**Information provided**
————
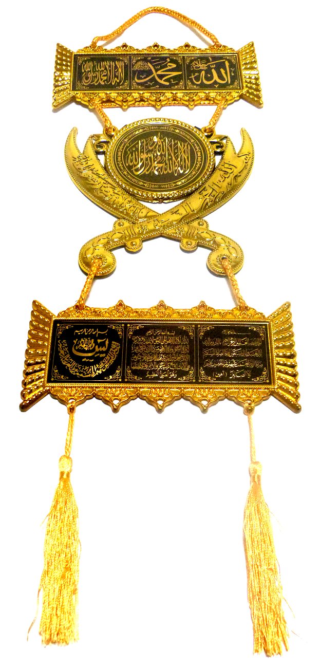Pendentif dorée de décoration avec Bassmalah, Le nom de prophète (saw) et Sourate Yassin - REF. 23992 (3.90 €)
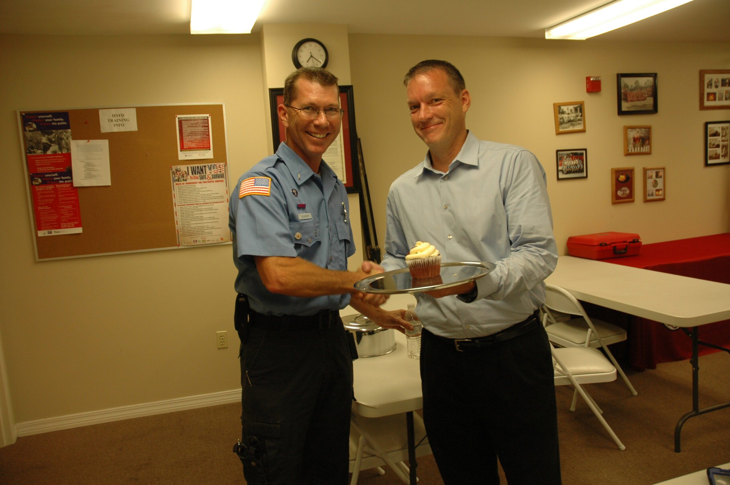 William Painter took the oath of office July 28 for Seat 4 of the Holley Navarre Board of Fire Commissioners. After the meeting, he was presented with a cupcake by Lt. Nathaniel Davidson. Painter said “Cupcake” was his first nickname as a firefighter.
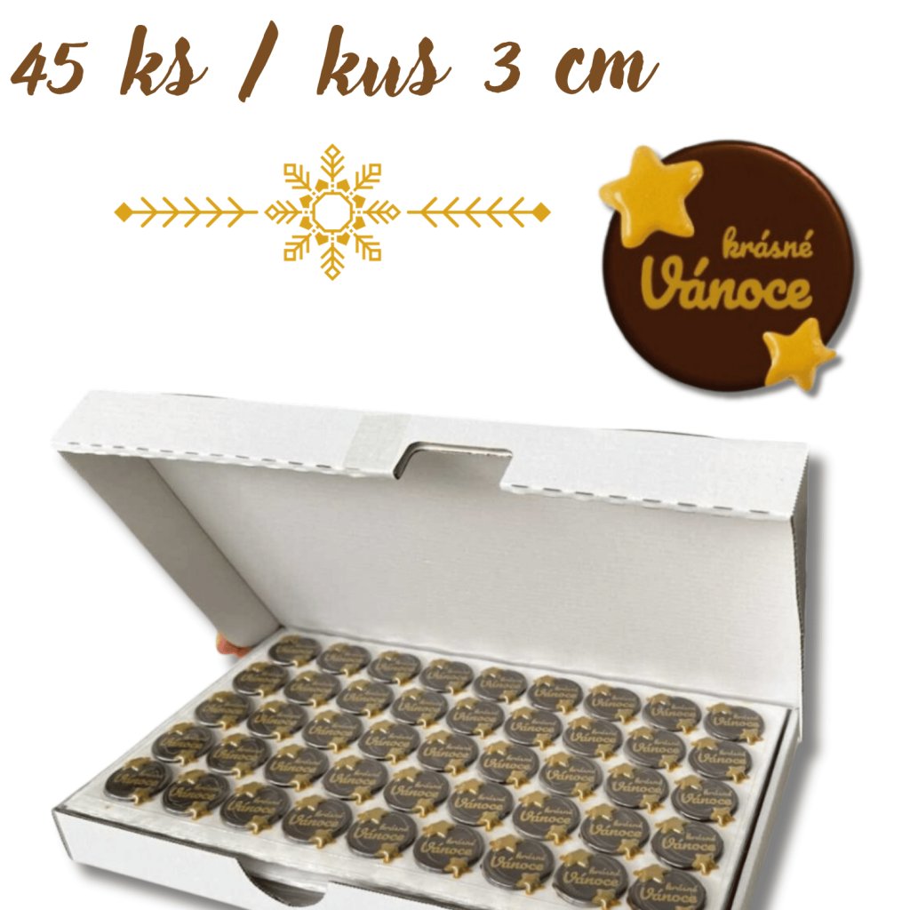 Čokoládová ozdoba na cukroví | mléčná 45 ks - Krásné Vánoce Motiv: vánoční dárky a nápis Krásné Vánoce
————
**Directions for this task**
For this exercise, retype the listing above word for word and omit the pictures.

**Solved exercise**
Pendentif dorée de décoration avec Bassmalah, Le nom de prophète (saw) et Sourate Yassin - REF. 23992 (3.90 €)
 William Painter took the oath of office July 28 for Seat 4 of the Holley Navarre Board of Fire Commissioners. After the meeting, he was presented with a cupcake by Lt. Nathaniel Davidson. Painter said “Cupcake” was his first nickname as a firefighter.
 Čokoládová ozdoba na cukroví | mléčná 45 ks - Krásné Vánoce Motiv: vánoční dárky a nápis Krásné Vánoce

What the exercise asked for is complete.